**Activity**
What is needed is each line of the data below that holds the string "with".

**Given entries**
****************

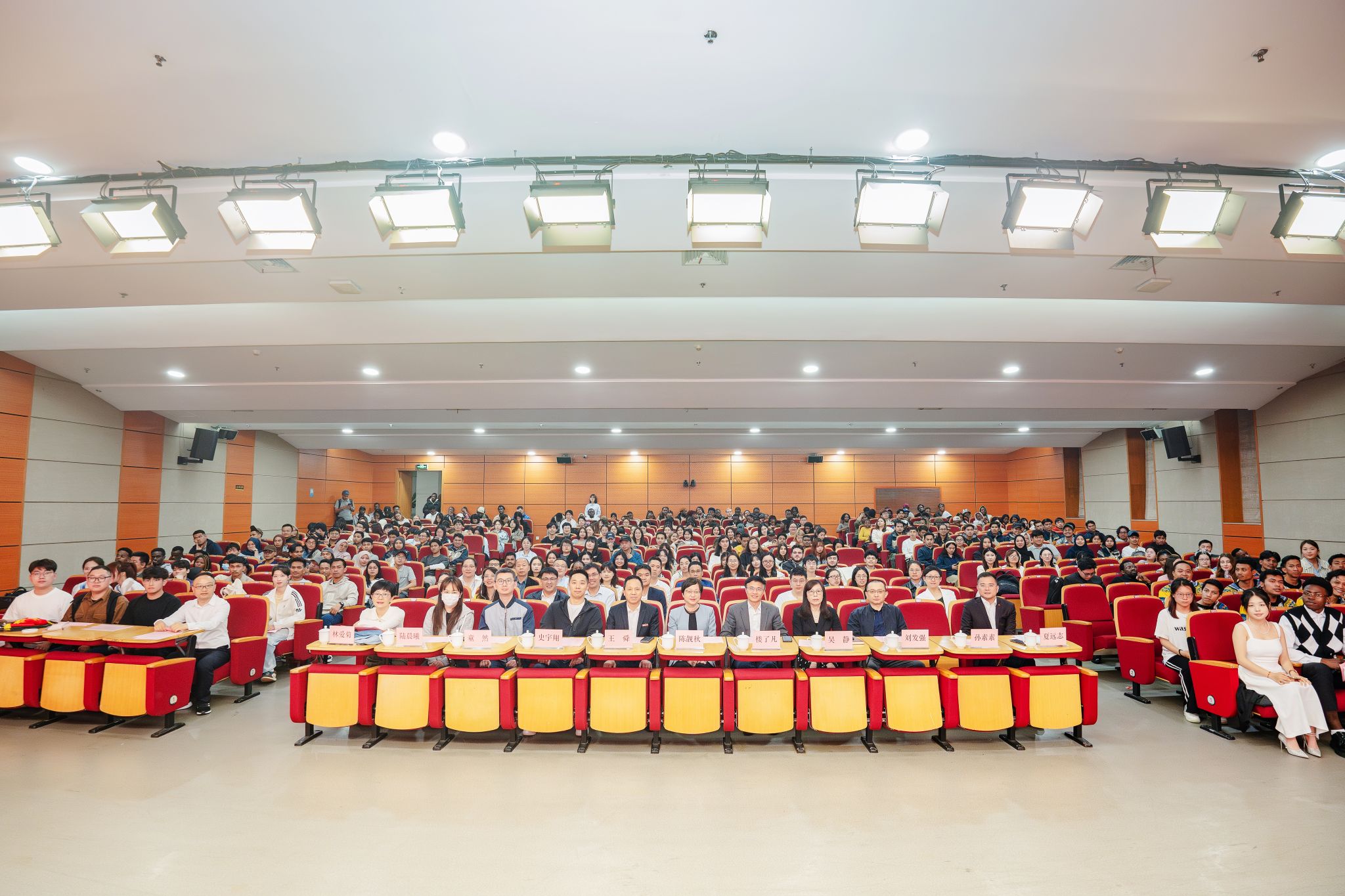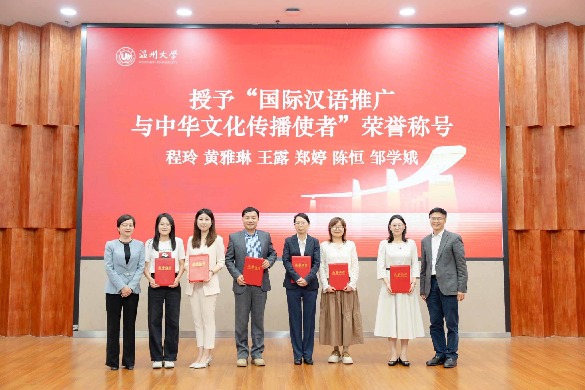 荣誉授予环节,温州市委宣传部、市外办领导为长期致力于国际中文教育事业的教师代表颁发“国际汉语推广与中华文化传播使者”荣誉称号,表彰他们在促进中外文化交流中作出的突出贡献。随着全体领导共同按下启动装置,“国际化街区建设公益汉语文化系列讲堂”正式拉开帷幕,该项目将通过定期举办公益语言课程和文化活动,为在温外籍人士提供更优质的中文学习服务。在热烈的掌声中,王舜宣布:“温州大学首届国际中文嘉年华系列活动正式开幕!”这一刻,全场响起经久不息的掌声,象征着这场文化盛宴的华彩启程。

****************

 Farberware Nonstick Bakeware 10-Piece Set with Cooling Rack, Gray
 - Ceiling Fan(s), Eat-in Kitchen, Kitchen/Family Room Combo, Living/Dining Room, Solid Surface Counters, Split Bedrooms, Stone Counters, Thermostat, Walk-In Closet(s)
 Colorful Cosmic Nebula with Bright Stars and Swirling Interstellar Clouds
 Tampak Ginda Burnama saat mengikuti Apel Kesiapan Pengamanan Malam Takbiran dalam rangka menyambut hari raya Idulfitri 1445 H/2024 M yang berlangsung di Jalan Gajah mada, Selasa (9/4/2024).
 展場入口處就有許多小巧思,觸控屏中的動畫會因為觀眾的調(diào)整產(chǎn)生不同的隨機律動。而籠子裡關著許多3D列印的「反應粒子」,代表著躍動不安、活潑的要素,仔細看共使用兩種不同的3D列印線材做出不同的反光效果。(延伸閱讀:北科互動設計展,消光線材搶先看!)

****************

**Finished task**
 Farberware Nonstick Bakeware 10-Piece Set with Cooling Rack, Gray
 Colorful Cosmic Nebula with Bright Stars and Swirling Interstellar Clouds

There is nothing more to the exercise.